Output exactly the lines below, starting with the line that has "The Pit (Russian: Яма, romanized: Yama, published" and going on through the line that has "Hermosa blusa asimétrica", both included, and no other lines.

DATASET section start

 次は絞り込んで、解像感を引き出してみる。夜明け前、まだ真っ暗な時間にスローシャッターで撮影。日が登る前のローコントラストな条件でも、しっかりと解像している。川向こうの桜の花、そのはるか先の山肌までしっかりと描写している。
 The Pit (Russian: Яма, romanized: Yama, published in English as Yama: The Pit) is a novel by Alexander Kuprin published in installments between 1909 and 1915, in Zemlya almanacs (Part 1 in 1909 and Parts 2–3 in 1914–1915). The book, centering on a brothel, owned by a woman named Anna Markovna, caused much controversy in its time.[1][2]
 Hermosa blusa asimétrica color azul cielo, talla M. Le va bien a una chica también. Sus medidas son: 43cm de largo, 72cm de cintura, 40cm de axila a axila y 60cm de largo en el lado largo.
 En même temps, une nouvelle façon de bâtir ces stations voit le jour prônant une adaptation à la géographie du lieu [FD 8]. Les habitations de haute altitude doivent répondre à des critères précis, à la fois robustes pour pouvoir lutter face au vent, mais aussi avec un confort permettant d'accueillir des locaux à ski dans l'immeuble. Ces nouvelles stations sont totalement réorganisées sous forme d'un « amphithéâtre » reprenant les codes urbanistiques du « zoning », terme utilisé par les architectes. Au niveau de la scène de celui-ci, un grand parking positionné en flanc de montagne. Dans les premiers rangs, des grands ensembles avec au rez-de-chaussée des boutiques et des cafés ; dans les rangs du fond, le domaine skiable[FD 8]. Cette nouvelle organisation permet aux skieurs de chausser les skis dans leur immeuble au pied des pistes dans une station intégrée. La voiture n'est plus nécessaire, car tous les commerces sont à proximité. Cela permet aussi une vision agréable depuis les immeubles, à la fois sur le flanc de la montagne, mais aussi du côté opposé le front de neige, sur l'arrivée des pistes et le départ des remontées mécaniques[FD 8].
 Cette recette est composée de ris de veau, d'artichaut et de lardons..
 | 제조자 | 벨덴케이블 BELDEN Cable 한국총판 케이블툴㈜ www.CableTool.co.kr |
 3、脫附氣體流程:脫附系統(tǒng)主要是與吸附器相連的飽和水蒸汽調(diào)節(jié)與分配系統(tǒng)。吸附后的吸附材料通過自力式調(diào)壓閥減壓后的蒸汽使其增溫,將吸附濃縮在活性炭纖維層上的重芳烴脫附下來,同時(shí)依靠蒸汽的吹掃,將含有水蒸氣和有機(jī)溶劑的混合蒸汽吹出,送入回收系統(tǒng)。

DATASET section end
DATASET section start

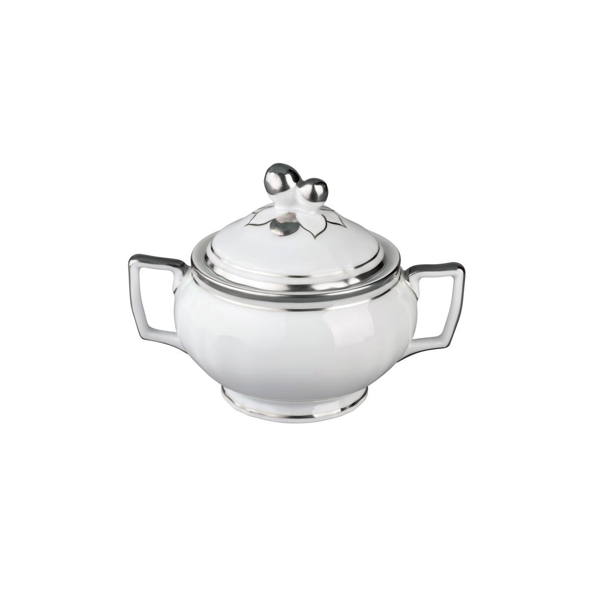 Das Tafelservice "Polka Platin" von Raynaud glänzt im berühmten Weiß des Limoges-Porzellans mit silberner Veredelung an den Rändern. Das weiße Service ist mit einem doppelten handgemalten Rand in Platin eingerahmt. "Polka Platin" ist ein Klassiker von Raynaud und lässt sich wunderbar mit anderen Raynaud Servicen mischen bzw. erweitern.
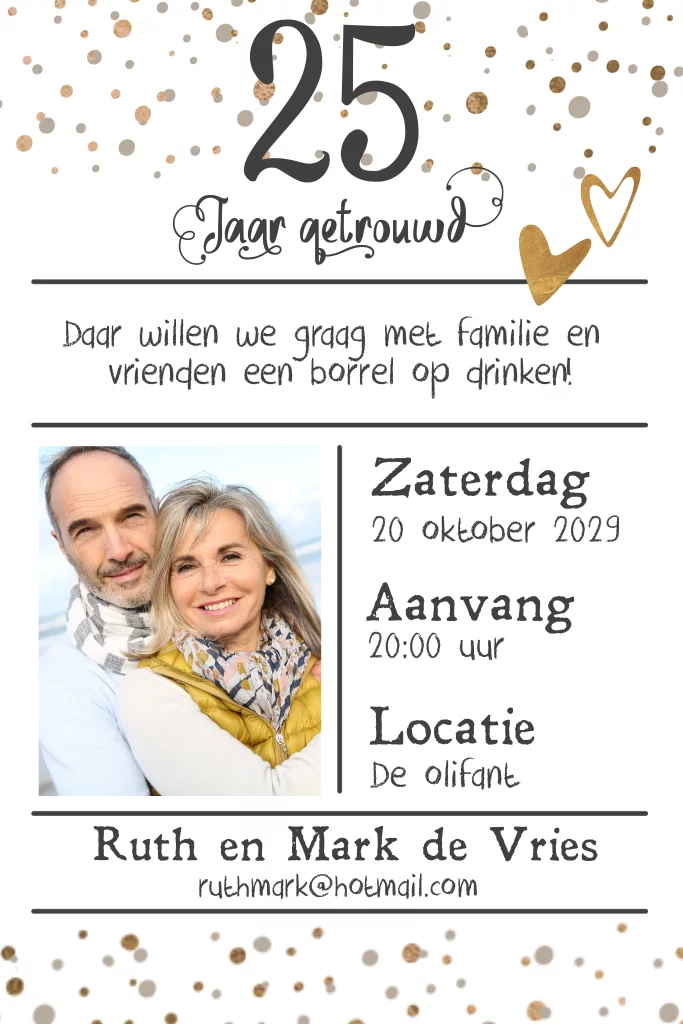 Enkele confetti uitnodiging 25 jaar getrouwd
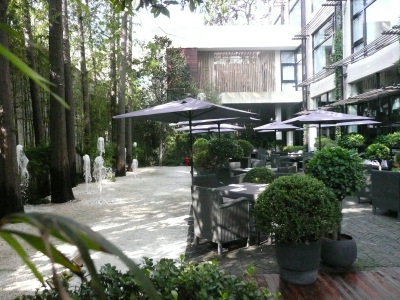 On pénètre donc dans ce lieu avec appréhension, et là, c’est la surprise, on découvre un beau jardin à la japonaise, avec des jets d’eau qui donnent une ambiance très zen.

DATASET section end

• [OUTPUT OF THE EXERCISE]:
 The Pit (Russian: Яма, romanized: Yama, published in English as Yama: The Pit) is a novel by Alexander Kuprin published in installments between 1909 and 1915, in Zemlya almanacs (Part 1 in 1909 and Parts 2–3 in 1914–1915). The book, centering on a brothel, owned by a woman named Anna Markovna, caused much controversy in its time.[1][2]
 Hermosa blusa asimétrica color azul cielo, talla M. Le va bien a una chica también. Sus medidas son: 43cm de largo, 72cm de cintura, 40cm de axila a axila y 60cm de largo en el lado largo.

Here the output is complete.